The Supreme Court resolved the dispute on Monday in a pair of cases concerning electors in Washington State and Colorado, by saying that states are entitled to remove or punish electors who changed their votes. In states without such penalties, electors remain free to change their votes.
“The Constitution’s text and the nation’s history both support allowing a state to enforce an elector’s pledge to support his party’s nominee — and the state voters’ choice — for president,” Justice Elena Kagan wrote for seven members of the court.
The parties had asked the court to put the cases on a fast track to ensure that the justices could decide them without knowing which candidate in the 2020 election would benefit. “This case permits the court to issue a decision outside of the white-hot scrutiny of a contested presidential election,” the petition in the Washington case said. The court granted review in January, and the cases were the last ones argued this term, on May 13.
The justices are often closely divided in major cases, and particularly in ones concerning election law. But they managed to find common ground on Monday.

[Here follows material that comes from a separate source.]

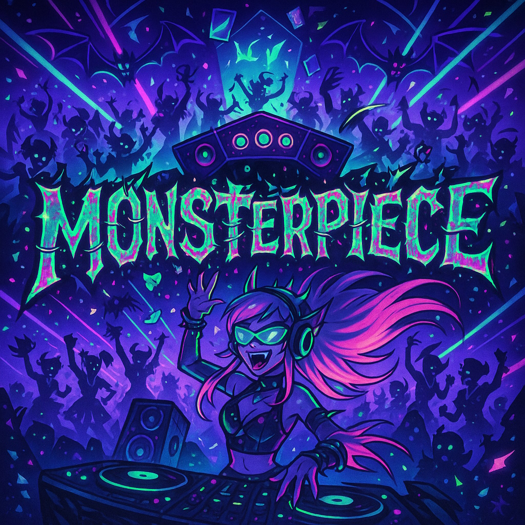 High-energy K-pop dance anthem with female vocals, built for a monster-themed rave at midnight, Features a flashy, bouncing bassline layered with stomping kicks, sharp claps, and loud snare hits that crack like lightning, Infused with brass elements — bold trombones and playful horn stabs — to bring a vibrant, arriba-style Latin energy to the rhythm, Includes glittering synth textures, ghostly vocal FX, and supernatural percussive breaks to support chantable hooks and danceable verses, The vibe is electric and theatrical, with a graveyard-meets-cosmic party atmosphere where monsters from all realms — vampires, aliens, sea beasts, and witches — gather to groove, Perfect for a midnight monster dance-off with fearless flair and supernatural swagger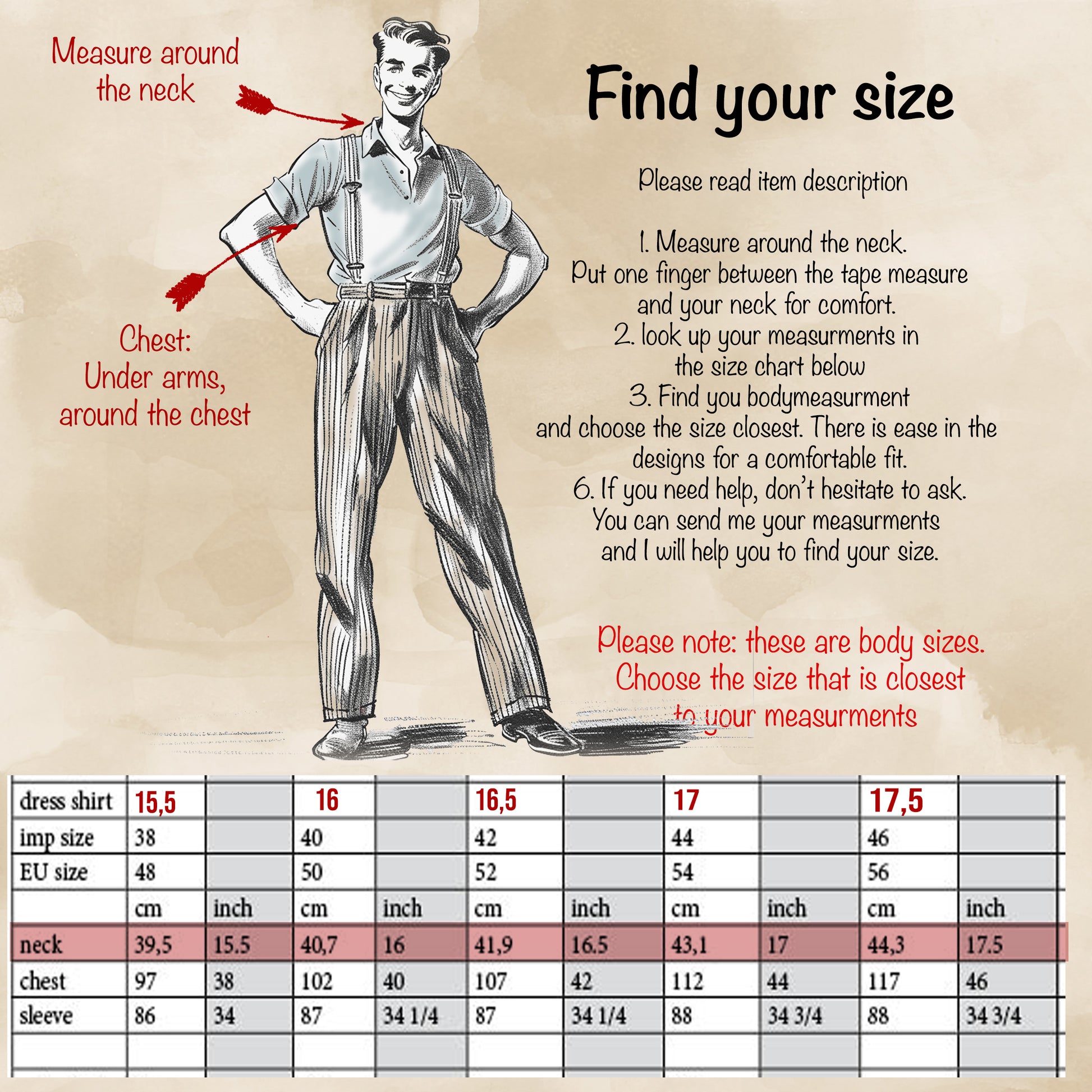 The sizes are collar sizes in inches. When measuring add 1/2 inch for comfort and choose your size accordingly. The sleeve length is normal to long. In the past shirts were made with only one length of sleeves. For an original vintage look wear the shirt with sleeve holders.

There have been no elections in which the votes of “faithless electors” changed the result, but a swing of only 10 electors would have altered the outcomes in five presidential elections. In the 2000 election, George W. Bush beat Al Gore by five electoral votes.
Election law scholars welcomed the court’s ruling.
“The court’s decision strikes a blow for legal and political stability and sanity,” said Richard H. Pildes, a law professor at New York University. “Every American understands themselves to be voting for the persons running for president, not for members of the Electoral College, and it is now clear that states can enforce that understanding.”
Members of the Electoral College cast the actual votes for president four weeks after Election Day. Among the states and the District of Columbia that have laws requiring electors to vote as they had promised, 15 states back up their requirements by either removing rogue electors or subjecting them to financial penalties.
Since the Constitution gives states the power to appoint electors, Justice Kagan wrote, that power allows them to impose conditions on their appointment,
“A state can require, for example, that an elector live in the state or qualify as a regular voter during the relevant time period,” Justice Kagan wrote.